[What the exercise asks] Would you print out all of the data exactly and keep the pictures out of it?

[Given data]
- - - - - - -

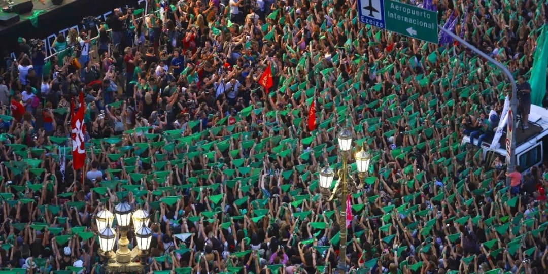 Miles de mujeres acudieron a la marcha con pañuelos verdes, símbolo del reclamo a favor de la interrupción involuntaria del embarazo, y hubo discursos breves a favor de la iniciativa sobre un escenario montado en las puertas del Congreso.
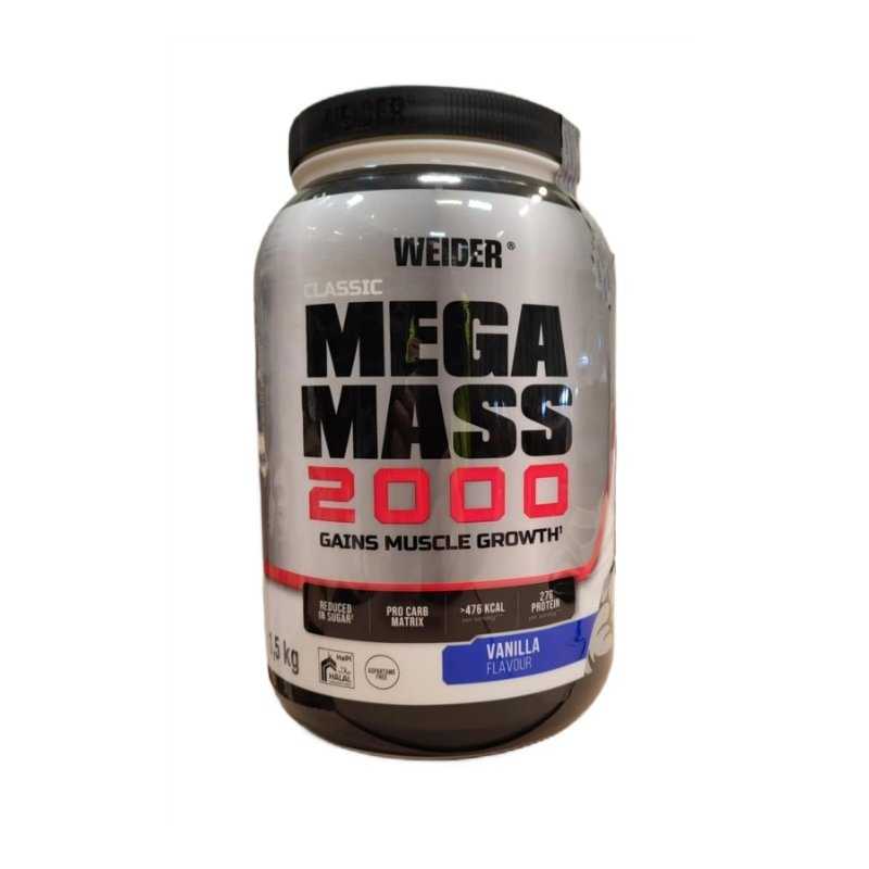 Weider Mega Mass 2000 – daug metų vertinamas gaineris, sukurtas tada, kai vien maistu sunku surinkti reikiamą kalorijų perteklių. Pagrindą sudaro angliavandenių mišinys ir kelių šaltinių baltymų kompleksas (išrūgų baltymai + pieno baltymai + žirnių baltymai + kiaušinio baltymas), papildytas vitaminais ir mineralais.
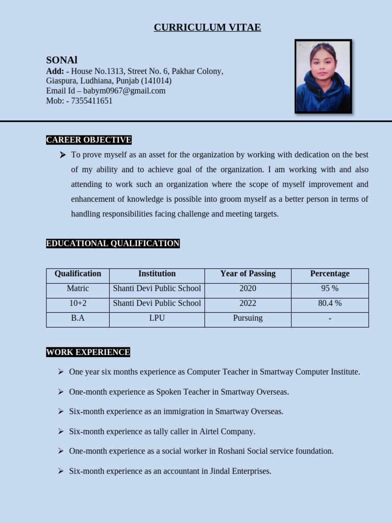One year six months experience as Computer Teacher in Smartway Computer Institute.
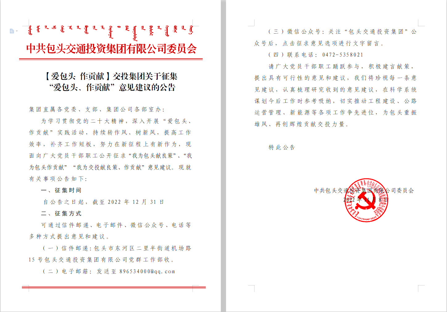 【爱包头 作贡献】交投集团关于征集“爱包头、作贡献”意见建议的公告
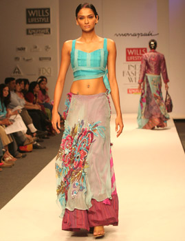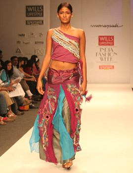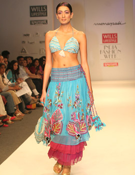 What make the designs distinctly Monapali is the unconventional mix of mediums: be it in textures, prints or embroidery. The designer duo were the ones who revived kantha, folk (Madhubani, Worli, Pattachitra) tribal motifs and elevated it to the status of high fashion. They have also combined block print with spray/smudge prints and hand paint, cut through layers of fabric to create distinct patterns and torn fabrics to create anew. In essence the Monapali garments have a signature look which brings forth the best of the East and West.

- - - - - - -

[Solution to the problem]
 Miles de mujeres acudieron a la marcha con pañuelos verdes, símbolo del reclamo a favor de la interrupción involuntaria del embarazo, y hubo discursos breves a favor de la iniciativa sobre un escenario montado en las puertas del Congreso.
 Weider Mega Mass 2000 – daug metų vertinamas gaineris, sukurtas tada, kai vien maistu sunku surinkti reikiamą kalorijų perteklių. Pagrindą sudaro angliavandenių mišinys ir kelių šaltinių baltymų kompleksas (išrūgų baltymai + pieno baltymai + žirnių baltymai + kiaušinio baltymas), papildytas vitaminais ir mineralais.
One year six months experience as Computer Teacher in Smartway Computer Institute.
 【爱包头 作贡献】交投集团关于征集“爱包头、作贡献”意见建议的公告
 What make the designs distinctly Monapali is the unconventional mix of mediums: be it in textures, prints or embroidery. The designer duo were the ones who revived kantha, folk (Madhubani, Worli, Pattachitra) tribal motifs and elevated it to the status of high fashion. They have also combined block print with spray/smudge prints and hand paint, cut through layers of fabric to create distinct patterns and torn fabrics to create anew. In essence the Monapali garments have a signature look which brings forth the best of the East and West.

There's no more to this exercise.